WHAT THE TASK REQUIRES: Within the records below is a range that opens at the line with "당신의 여행 이야기를 들려주세요…'목표달성 여행유랑 이벤트'" and closes at the line with "Hi Bird boy, Bread". Return that range word for word, both ends included, and only that range.

EXTRACTED ENTRIES:
>>>>>

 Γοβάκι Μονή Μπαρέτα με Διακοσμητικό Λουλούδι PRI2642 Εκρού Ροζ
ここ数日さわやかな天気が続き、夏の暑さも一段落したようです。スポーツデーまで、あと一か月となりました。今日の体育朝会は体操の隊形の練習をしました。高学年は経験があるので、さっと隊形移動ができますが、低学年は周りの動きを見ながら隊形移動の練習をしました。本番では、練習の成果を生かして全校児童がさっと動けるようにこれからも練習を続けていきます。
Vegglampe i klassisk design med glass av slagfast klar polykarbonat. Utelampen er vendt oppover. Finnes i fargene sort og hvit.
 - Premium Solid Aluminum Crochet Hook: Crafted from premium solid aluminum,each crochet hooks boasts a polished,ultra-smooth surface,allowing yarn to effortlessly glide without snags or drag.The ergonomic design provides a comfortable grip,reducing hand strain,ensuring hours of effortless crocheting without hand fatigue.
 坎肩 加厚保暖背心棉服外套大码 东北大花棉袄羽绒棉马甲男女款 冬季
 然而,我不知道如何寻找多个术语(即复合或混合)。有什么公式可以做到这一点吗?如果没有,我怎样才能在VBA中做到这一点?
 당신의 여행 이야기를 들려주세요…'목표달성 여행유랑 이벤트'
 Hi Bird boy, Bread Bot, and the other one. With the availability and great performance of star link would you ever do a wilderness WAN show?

<<<<<
>>>>>

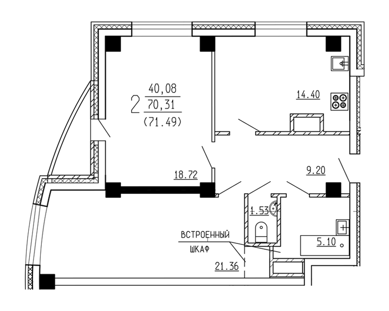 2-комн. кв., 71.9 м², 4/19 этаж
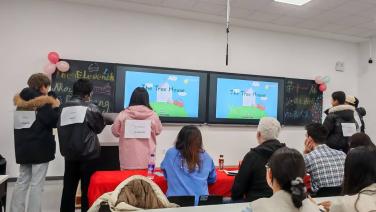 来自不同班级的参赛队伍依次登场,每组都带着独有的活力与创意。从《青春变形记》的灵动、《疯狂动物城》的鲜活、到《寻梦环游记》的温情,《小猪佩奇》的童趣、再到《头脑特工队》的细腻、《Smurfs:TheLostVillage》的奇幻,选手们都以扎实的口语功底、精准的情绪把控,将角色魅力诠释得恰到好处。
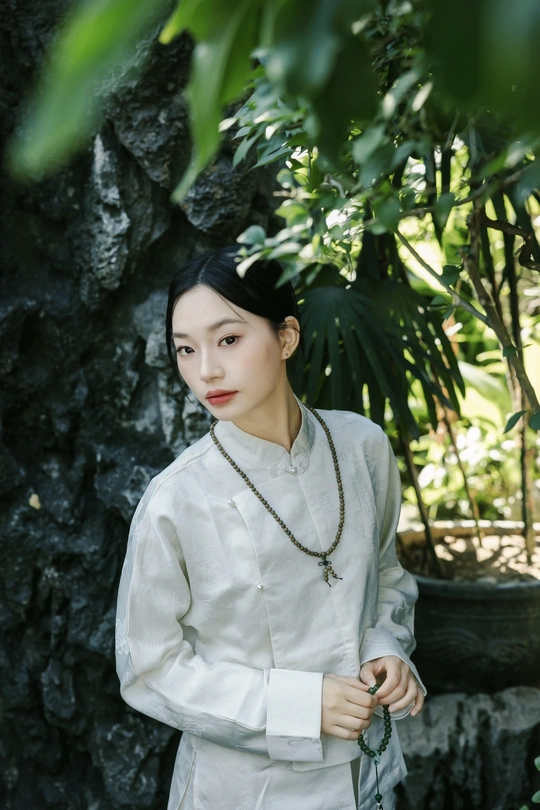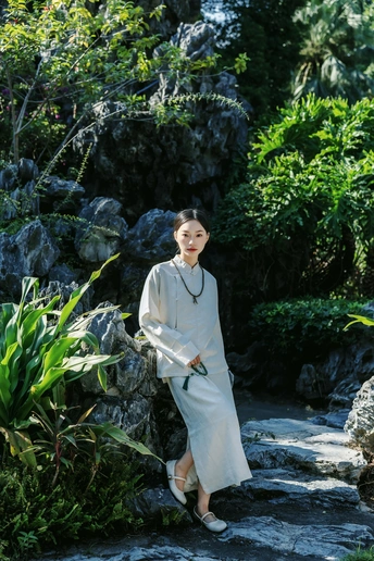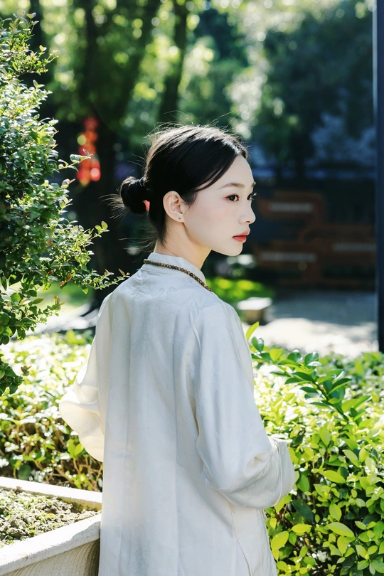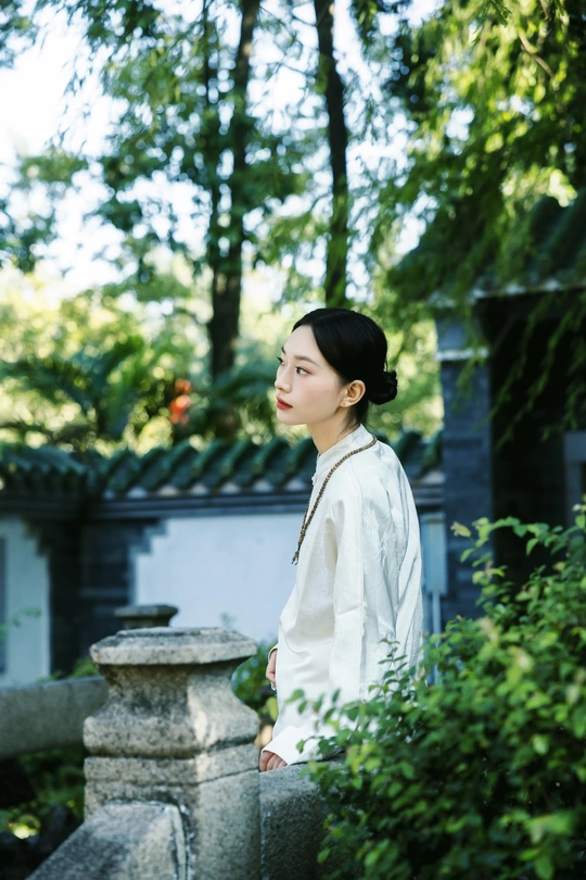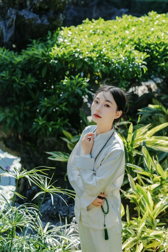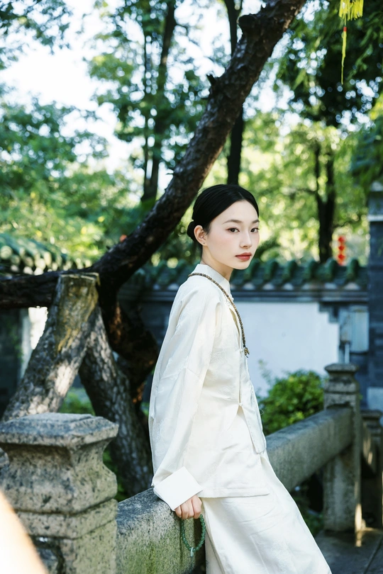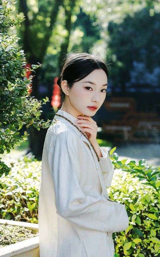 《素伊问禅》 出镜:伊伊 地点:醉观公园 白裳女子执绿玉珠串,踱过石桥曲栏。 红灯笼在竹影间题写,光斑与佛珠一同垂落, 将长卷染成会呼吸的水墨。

<<<<<

OUTPUT:
 당신의 여행 이야기를 들려주세요…'목표달성 여행유랑 이벤트'
 Hi Bird boy, Bread Bot, and the other one. With the availability and great performance of star link would you ever do a wilderness WAN show?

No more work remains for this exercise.